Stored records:

========================================================================

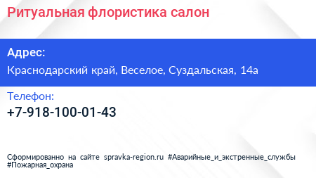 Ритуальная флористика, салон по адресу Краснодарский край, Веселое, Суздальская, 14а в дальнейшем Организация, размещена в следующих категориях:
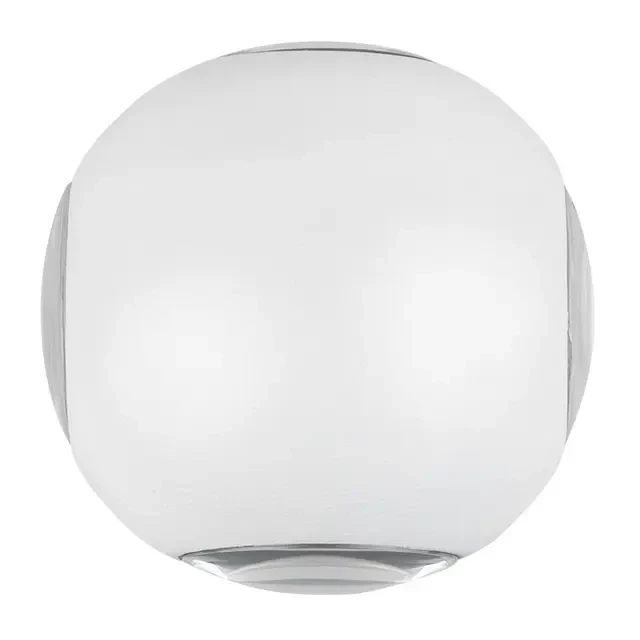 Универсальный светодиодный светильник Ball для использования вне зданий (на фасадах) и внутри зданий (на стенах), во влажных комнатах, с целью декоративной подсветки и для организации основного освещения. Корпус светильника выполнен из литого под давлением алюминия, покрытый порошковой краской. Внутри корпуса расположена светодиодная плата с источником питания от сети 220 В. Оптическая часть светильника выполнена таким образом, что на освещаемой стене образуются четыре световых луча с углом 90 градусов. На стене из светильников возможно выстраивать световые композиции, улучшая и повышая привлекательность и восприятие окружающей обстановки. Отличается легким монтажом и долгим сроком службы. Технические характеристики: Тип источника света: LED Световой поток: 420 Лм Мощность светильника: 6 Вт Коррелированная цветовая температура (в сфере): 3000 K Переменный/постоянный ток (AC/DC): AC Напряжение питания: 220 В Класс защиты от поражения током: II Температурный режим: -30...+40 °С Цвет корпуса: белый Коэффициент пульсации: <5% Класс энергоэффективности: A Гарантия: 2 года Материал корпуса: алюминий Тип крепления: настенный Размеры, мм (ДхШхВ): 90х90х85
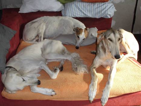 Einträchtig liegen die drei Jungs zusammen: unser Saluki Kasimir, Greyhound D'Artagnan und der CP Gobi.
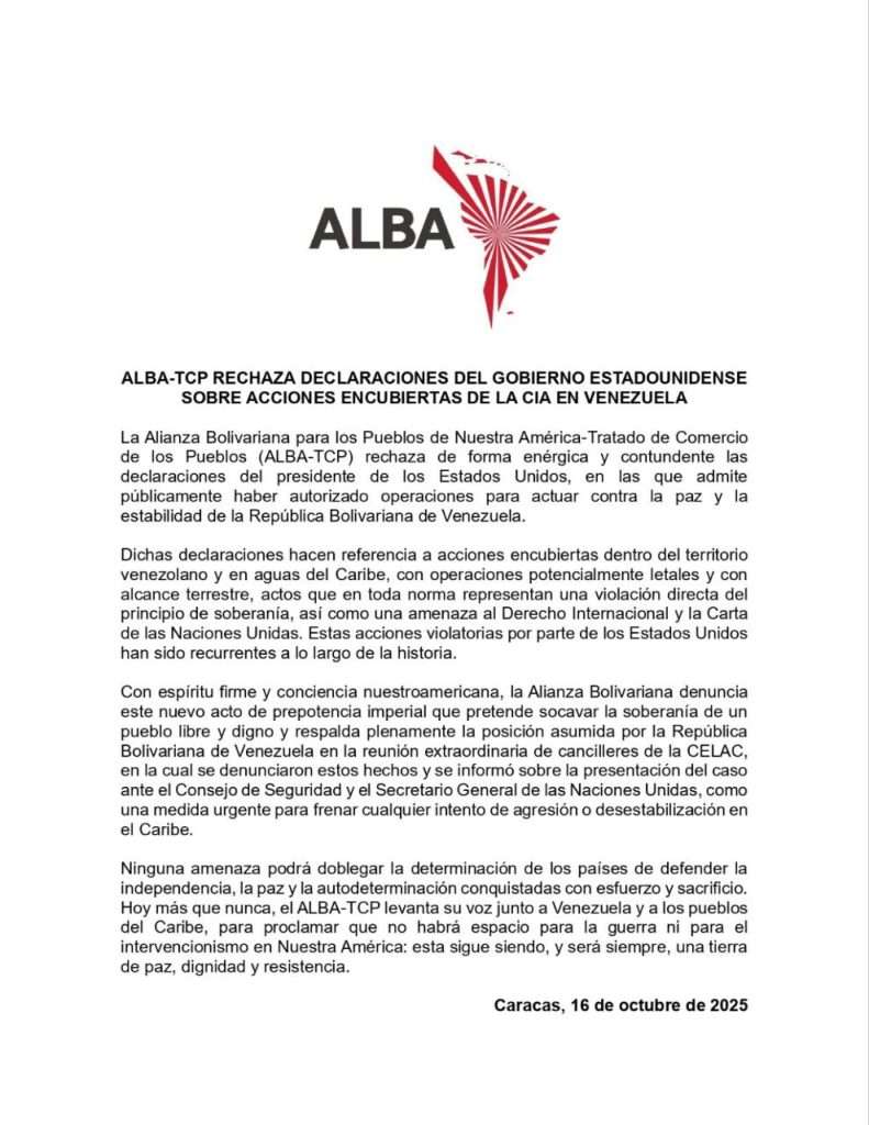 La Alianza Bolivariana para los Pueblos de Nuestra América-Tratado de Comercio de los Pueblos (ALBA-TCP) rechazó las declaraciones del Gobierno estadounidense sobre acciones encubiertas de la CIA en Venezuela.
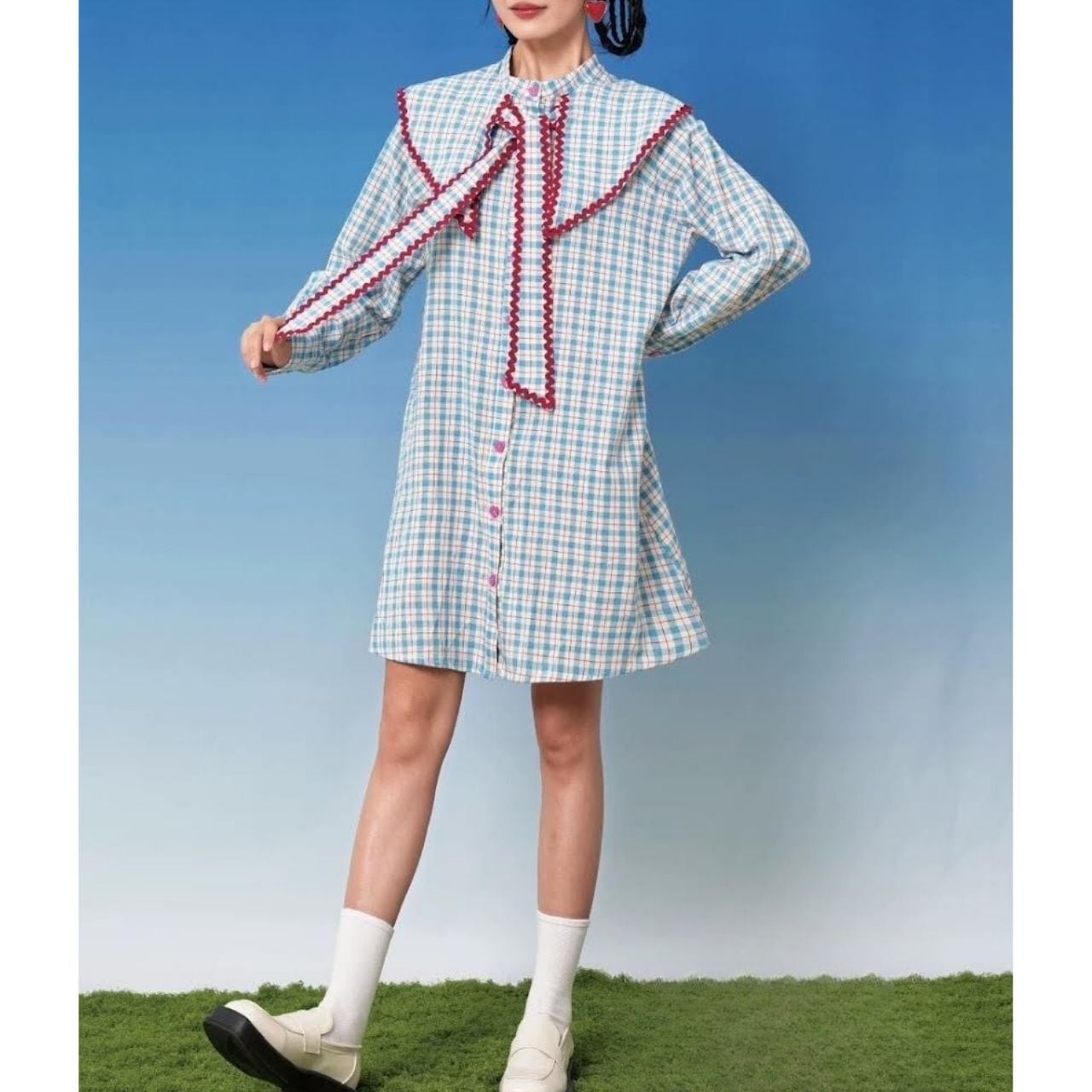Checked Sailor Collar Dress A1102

========================================================================

Work item
Pictures stay out of this copy. Retype exactly the lines from the one with "Einträchtig liegen die" through the last line of the data, both ends included, and nothing more.

Reply to the task
 Einträchtig liegen die drei Jungs zusammen: unser Saluki Kasimir, Greyhound D'Artagnan und der CP Gobi.
 La Alianza Bolivariana para los Pueblos de Nuestra América-Tratado de Comercio de los Pueblos (ALBA-TCP) rechazó las declaraciones del Gobierno estadounidense sobre acciones encubiertas de la CIA en Venezuela.
Checked Sailor Collar Dress A1102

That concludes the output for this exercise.